### Task instructions:
Would you restate the full listing word for word and omit its pictures?

### Provided material:
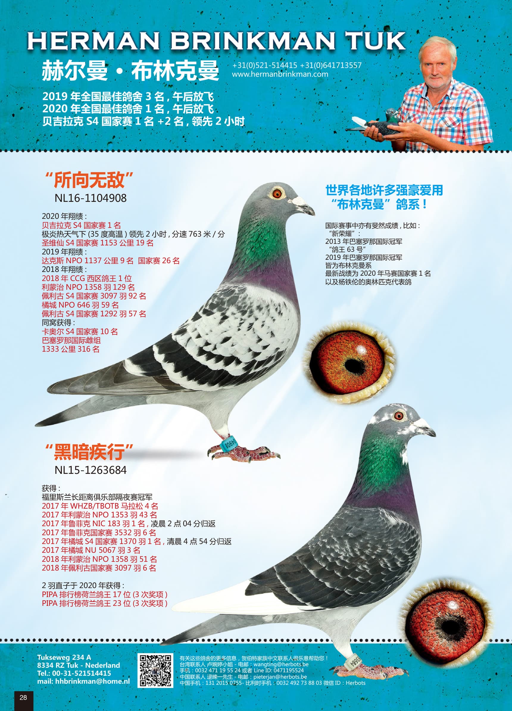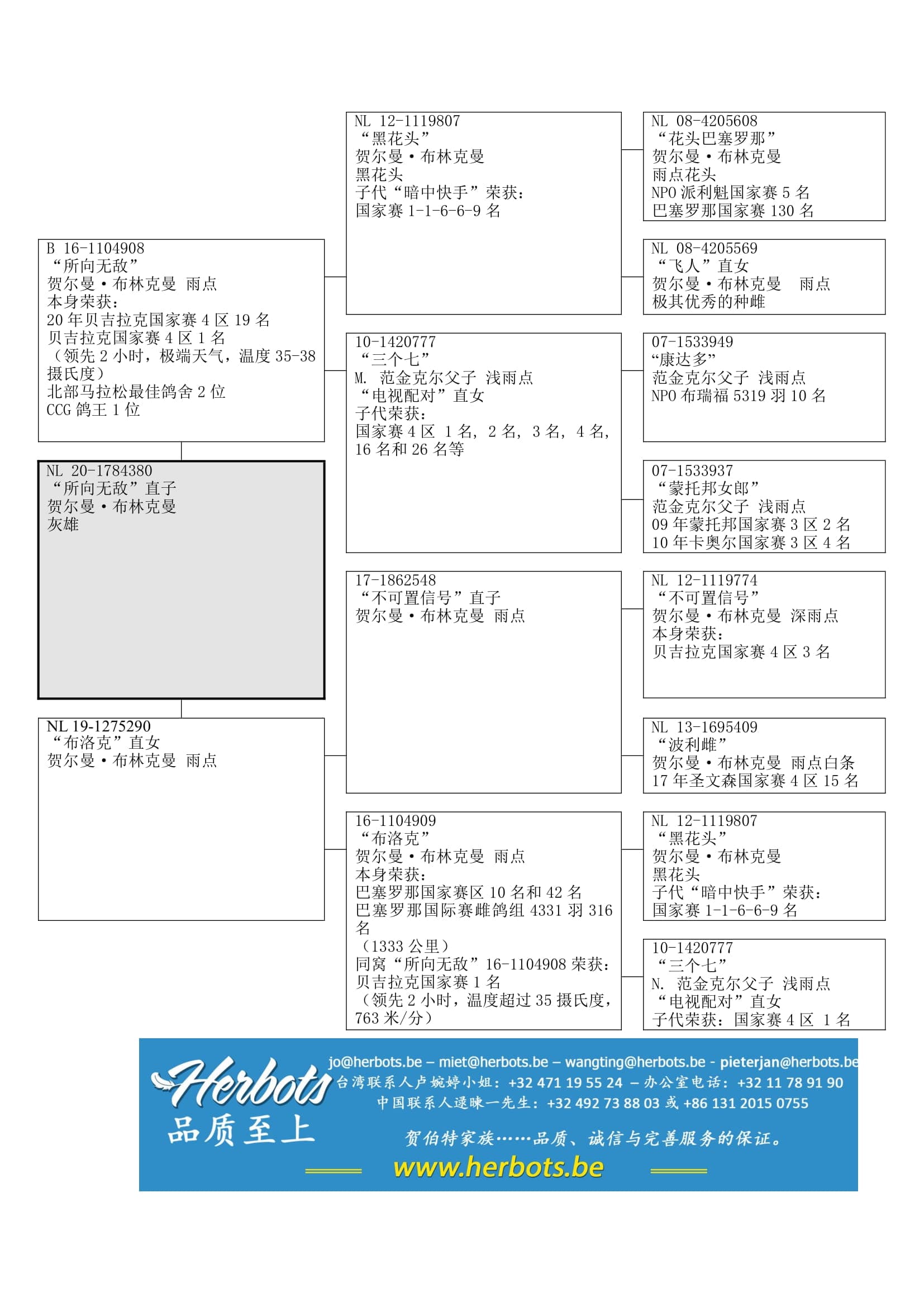 “黑花头” (子代荣获:国家赛4区1名-1名-6名- 6名和9名) x “三个七” (M. 范金克尔原舍 – 子代荣获:国家赛4区 1名, 2名, 3名, 4名, 16名和26名等)作出
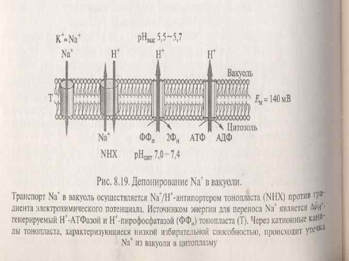 n n n Откачивание ионов из клетки в окружающую среду или в вакуоль осуществляется активно, с участием АТФаз. При избытке солей меняются свойства ионных каналов, определяющие степень солеустойчивости. У галофита проводимость канала больше, чем у гликофитов. Под влиянием калия уменьшается Na-Mg-засоление. При засолении, особенно натрий-хлористом, происходит значительное накопление соли в апопласте растительных клеток. Ионная проницаемость плазмалеммы повышается, поэтому хлор из клеточной стенки легко проникает в клетки через хлорные каналы и в симпорте с протоном, а натрий поступает через неспецифические катионные каналы, конкурируя с калием в калиевых каналах и на переносчиках. Уровень ионов хлора и особенно натрия в цитоплазме значительно увеличивается. что способствует активации систем ионного гомеостатирования.
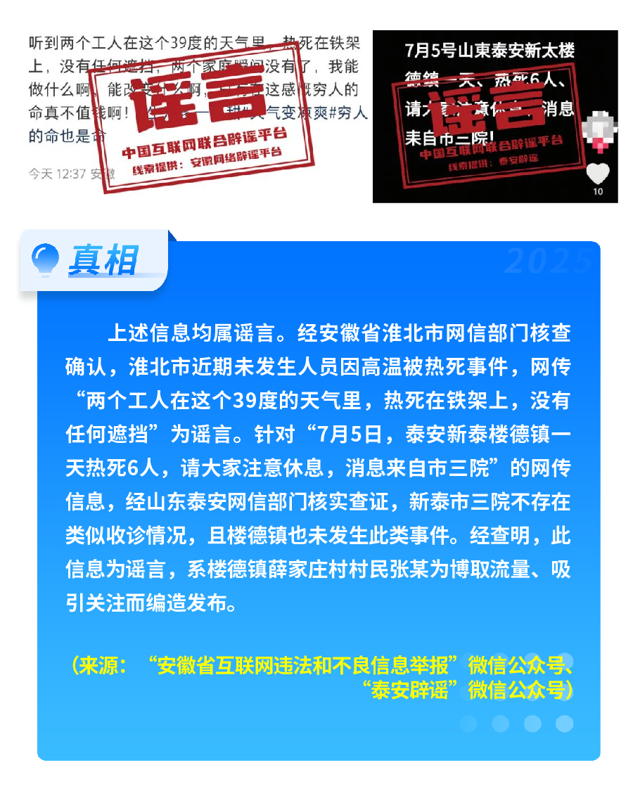 近期,網(wǎng)上接連出現(xiàn)發(fā)布虛假“警情通報”的惡性造謠傳謠案件,炮制傳播“昆明駕車撞人案131人死亡”“杭州自來水接入糞水”及涉釋永信虛假“警情通報”,模仿“藍(lán)底白字”格式,杜撰聳人聽聞細(xì)節(jié),損害政府公信力,嚴(yán)重擾亂社會秩序?!霸菏款A(yù)測廣東將發(fā)生8級以上大地震”公然偽造專家聊天截圖,謊報地震預(yù)警。還有造謠者借盛夏高溫酷暑與洪澇災(zāi)害,編造“安徽淮北、山東泰安等地多人因高溫死亡” “重慶大暴雨導(dǎo)致15人死亡、4人失蹤”等謠言,蹭炒熱點(diǎn)、煽動情緒。
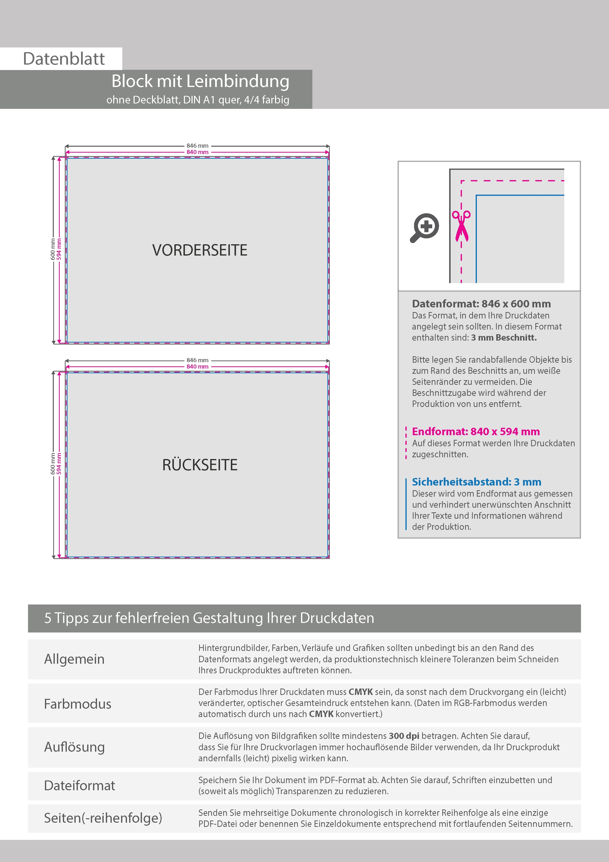 Block mit Leimbindung, DIN A1 quer, 10 Blatt, 4/4 farbig beidseitig bedruckt
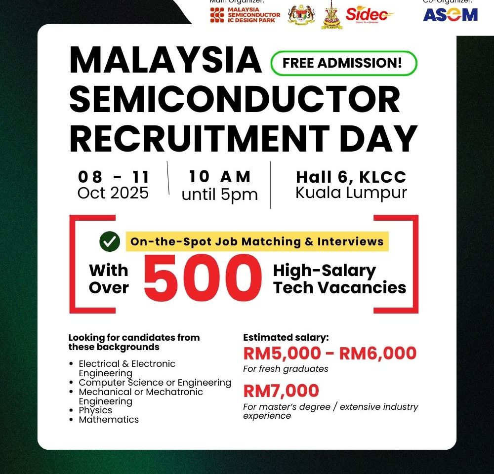 Over 𝟯𝟬 𝗧𝗒𝗣 π—²π—Ίπ—½π—Ήπ—Όπ˜†π—²π—Ώπ˜€ are hiring at the Malaysia Semiconductor Recruitment Day (MSRD) 2025 with more than 500 high-value tech vacancies on offer.
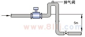 4、若管道落差超過5m時,在傳感器的下游安裝排氣閥;
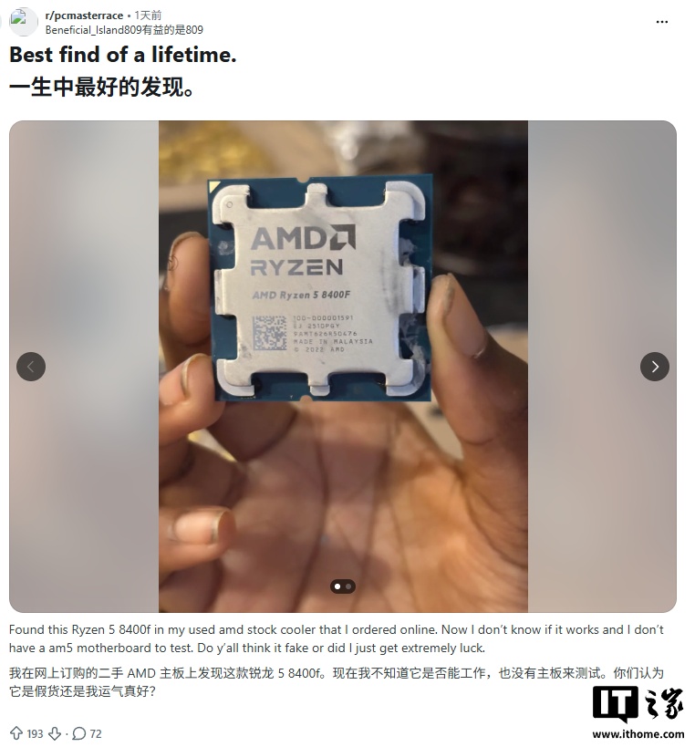 IT之家 4 月 1 日消息,Reddit 用户 Beneficial_Island809 昨日发帖称:他之前下单购买了一款 AMD 原装散热器。当他收货后打开盒子时,发现里面除了散热器之外还有一颗锐龙 5 8400F 芯片。
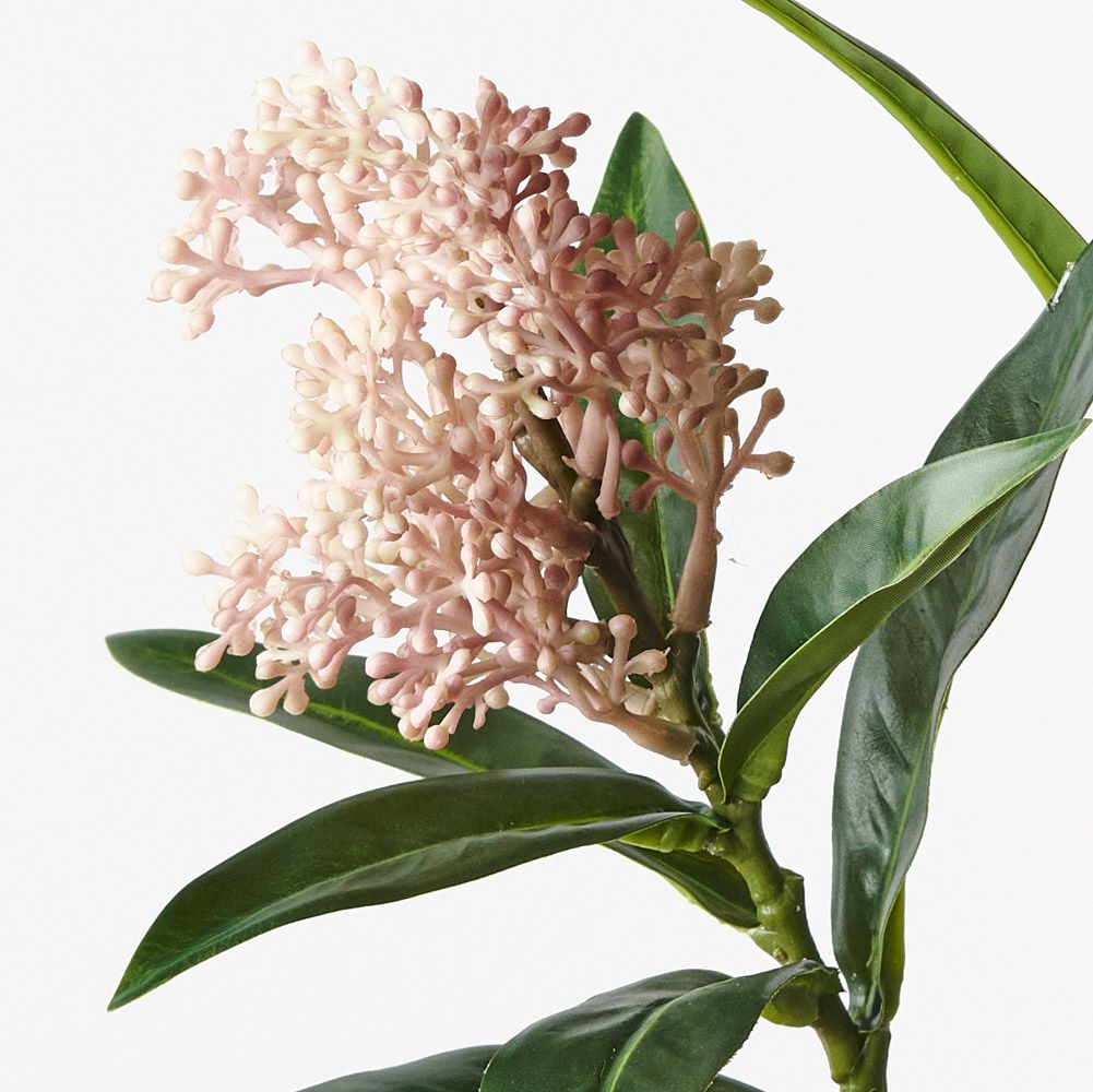 Introducing our Skimmia Spray in delicate light pink tones, a versatile and natural addition to any decor. This artificial spray features clusters of lifelike Skimmia buds and leaves, with vibrant green foliage accented by earthy brown hues. Expertly crafted to capture the authentic texture and detail of real Skimmia, this spray adds a touch of organic elegance to your home or event. Whether used alone or as part of a larger arrangement, it brings a warm, natural charm and maintenance-free beauty to any setting.
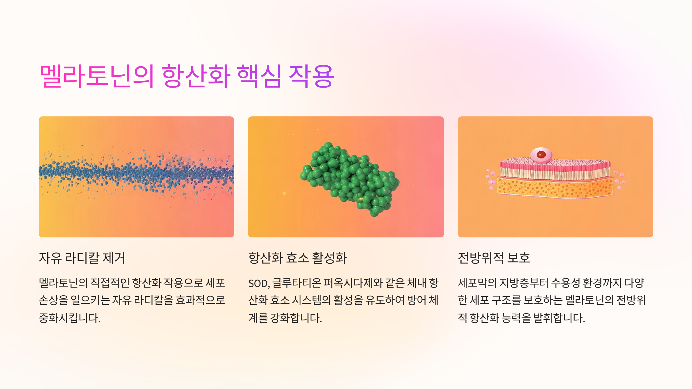 멜라토닌은 강력한 항산화 능력을 가진 호르몬입니다. 자유 라디칼을 직접 제거하는 동시에 항산화 효소(SOD, 글루타티온 퍼옥시다제 등)의 활성을 유도해 세포 손상을 막아줍니다. 특히 멜라토닌은 지방층, 수용성 환경 모두에서 작용할 수 있어 신체 전반에 보호막 역할을 해요.
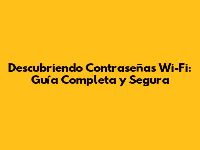 Descubriendo Contraseñas Wi-Fi: Guía Completa Y Segura
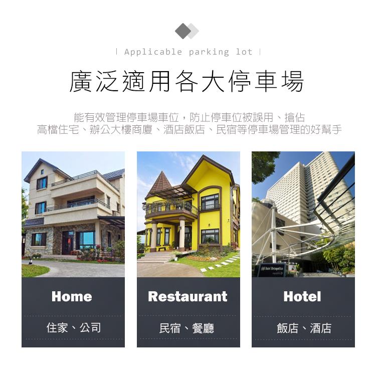 使用壽命長等特點,能有效管理停車場車位,防止停車位被誤用、搶佔,是高檔住宅、商廈、酒店、飯店等停車場管理的好幫手。
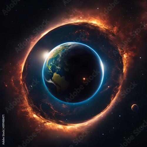 Fototapeta premium earth being swallowed by black hole
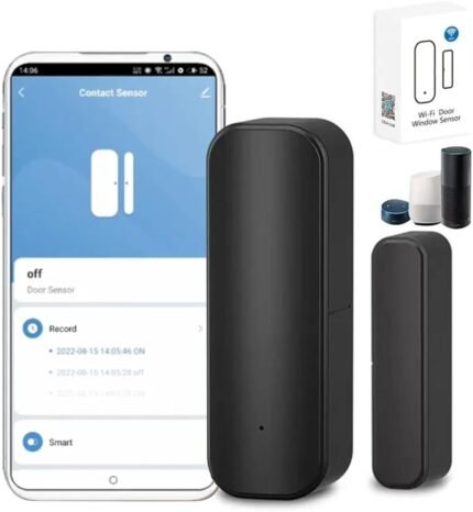 WiFi Door Sensor,Smart Door Open/Closed Detectors,2.4G WiFi Door Sensor, Tuya/Smart Life Contact Sensors for Home Security & Smart Home Automation, Compatible with Alexa Google Assistant (Black)
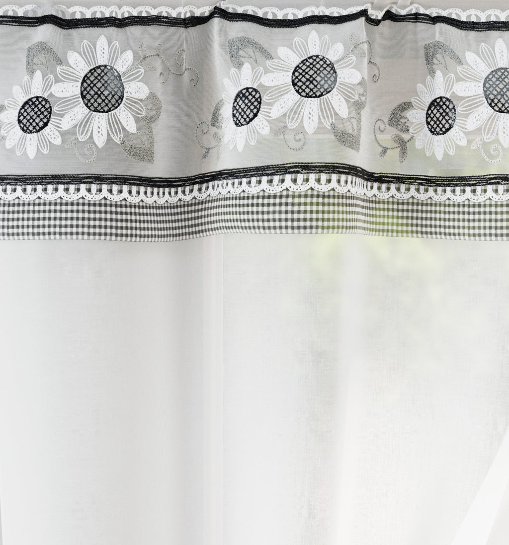 Brighten up your home with the charming Keswick window set. The design features embroidery and applique sunflower motifs, with matching tie backs. Crafted from high quality fabric for long lasting beauty and easy care. The window set provides light filtration allowing natural light to gently through whilst still providing privacy. The set includes an attached valance for easy installation using the rod pocket header.Â
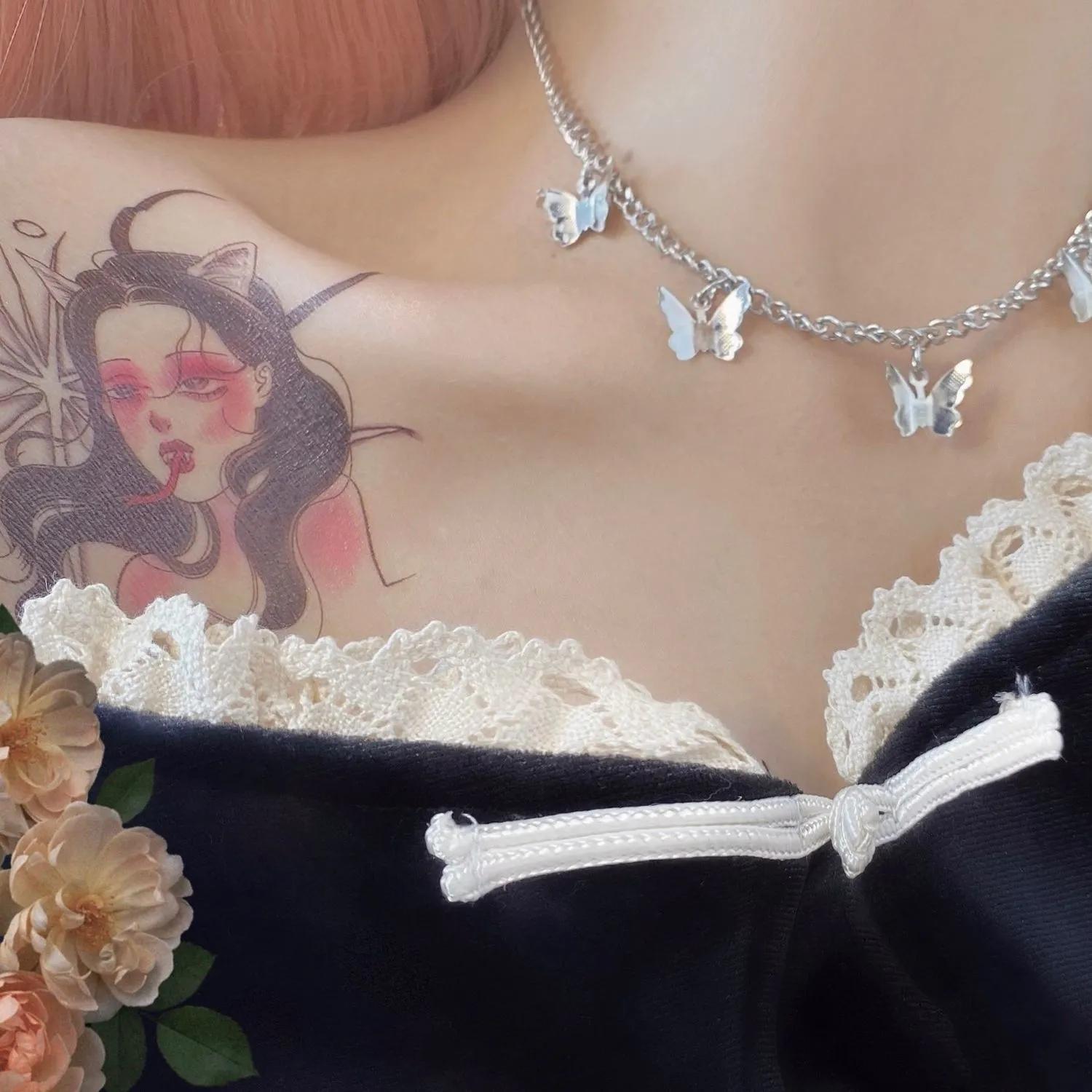 Dark Girl Butterfly Necklace Retro Collar Choker Necklace Non-fading Titanium Steel Necklace Mom Daughter Gifts Personalized Ornaments
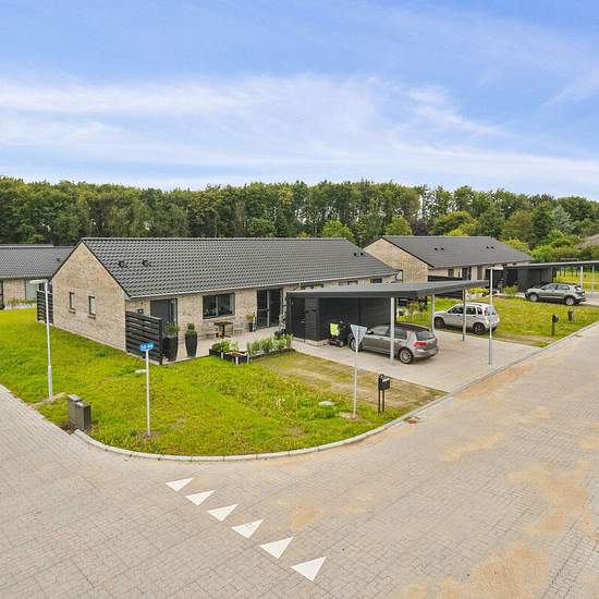 OBS: Det er et krav, at lejere på dette lejemål er 55+ år og uden hjemmeboende børn. Alle rækkehuse er i ét-plan. Du træder ind i en entré belagt med klinker. Her finder du vaskemaskine og tørretumbler samt godt med skabsplads og en bordplade med vask. Der er et stort, lyst køkken-alrum med plads til stue. Badeværelset har lyst inventar og separat bruseniche og skab. Afhængigt af størrelserne på boligen er der 2 eller 3 værelser. Ét af værelserne vil være større og velegnet til soveværelse. Fra soveværelset er der udgang til husets ene terr...

### Written answer:
 “黑花头” (子代荣获:国家赛4区1名-1名-6名- 6名和9名) x “三个七” (M. 范金克尔原舍 – 子代荣获:国家赛4区 1名, 2名, 3名, 4名, 16名和26名等)作出
 n n n Откачивание ионов из клетки в окружающую среду или в вакуоль осуществляется активно, с участием АТФаз. При избытке солей меняются свойства ионных каналов, определяющие степень солеустойчивости. У галофита проводимость канала больше, чем у гликофитов. Под влиянием калия уменьшается Na-Mg-засоление. При засолении, особенно натрий-хлористом, происходит значительное накопление соли в апопласте растительных клеток. Ионная проницаемость плазмалеммы повышается, поэтому хлор из клеточной стенки легко проникает в клетки через хлорные каналы и в симпорте с протоном, а натрий поступает через неспецифические катионные каналы, конкурируя с калием в калиевых каналах и на переносчиках. Уровень ионов хлора и особенно натрия в цитоплазме значительно увеличивается. что способствует активации систем ионного гомеостатирования.
 近期,網(wǎng)上接連出現(xiàn)發(fā)布虛假“警情通報”的惡性造謠傳謠案件,炮制傳播“昆明駕車撞人案131人死亡”“杭州自來水接入糞水”及涉釋永信虛假“警情通報”,模仿“藍(lán)底白字”格式,杜撰聳人聽聞細(xì)節(jié),損害政府公信力,嚴(yán)重擾亂社會秩序?!霸菏款A(yù)測廣東將發(fā)生8級以上大地震”公然偽造專家聊天截圖,謊報地震預(yù)警。還有造謠者借盛夏高溫酷暑與洪澇災(zāi)害,編造“安徽淮北、山東泰安等地多人因高溫死亡” “重慶大暴雨導(dǎo)致15人死亡、4人失蹤”等謠言,蹭炒熱點(diǎn)、煽動情緒。
 Block mit Leimbindung, DIN A1 quer, 10 Blatt, 4/4 farbig beidseitig bedruckt
 Over 𝟯𝟬 𝗧𝗒𝗣 π—²π—Ίπ—½π—Ήπ—Όπ˜†π—²π—Ώπ˜€ are hiring at the Malaysia Semiconductor Recruitment Day (MSRD) 2025 with more than 500 high-value tech vacancies on offer.
 4、若管道落差超過5m時,在傳感器的下游安裝排氣閥;
 IT之家 4 月 1 日消息,Reddit 用户 Beneficial_Island809 昨日发帖称:他之前下单购买了一款 AMD 原装散热器。当他收货后打开盒子时,发现里面除了散热器之外还有一颗锐龙 5 8400F 芯片。
 Introducing our Skimmia Spray in delicate light pink tones, a versatile and natural addition to any decor. This artificial spray features clusters of lifelike Skimmia buds and leaves, with vibrant green foliage accented by earthy brown hues. Expertly crafted to capture the authentic texture and detail of real Skimmia, this spray adds a touch of organic elegance to your home or event. Whether used alone or as part of a larger arrangement, it brings a warm, natural charm and maintenance-free beauty to any setting.
 멜라토닌은 강력한 항산화 능력을 가진 호르몬입니다. 자유 라디칼을 직접 제거하는 동시에 항산화 효소(SOD, 글루타티온 퍼옥시다제 등)의 활성을 유도해 세포 손상을 막아줍니다. 특히 멜라토닌은 지방층, 수용성 환경 모두에서 작용할 수 있어 신체 전반에 보호막 역할을 해요.
 Descubriendo Contraseñas Wi-Fi: Guía Completa Y Segura
 使用壽命長等特點,能有效管理停車場車位,防止停車位被誤用、搶佔,是高檔住宅、商廈、酒店、飯店等停車場管理的好幫手。
 Fototapeta premium earth being swallowed by black hole
 WiFi Door Sensor,Smart Door Open/Closed Detectors,2.4G WiFi Door Sensor, Tuya/Smart Life Contact Sensors for Home Security & Smart Home Automation, Compatible with Alexa Google Assistant (Black)
 Brighten up your home with the charming Keswick window set. The design features embroidery and applique sunflower motifs, with matching tie backs. Crafted from high quality fabric for long lasting beauty and easy care. The window set provides light filtration allowing natural light to gently through whilst still providing privacy. The set includes an attached valance for easy installation using the rod pocket header.Â
 Dark Girl Butterfly Necklace Retro Collar Choker Necklace Non-fading Titanium Steel Necklace Mom Daughter Gifts Personalized Ornaments
 OBS: Det er et krav, at lejere på dette lejemål er 55+ år og uden hjemmeboende børn. Alle rækkehuse er i ét-plan. Du træder ind i en entré belagt med klinker. Her finder du vaskemaskine og tørretumbler samt godt med skabsplads og en bordplade med vask. Der er et stort, lyst køkken-alrum med plads til stue. Badeværelset har lyst inventar og separat bruseniche og skab. Afhængigt af størrelserne på boligen er der 2 eller 3 værelser. Ét af værelserne vil være større og velegnet til soveværelse. Fra soveværelset er der udgang til husets ene terr...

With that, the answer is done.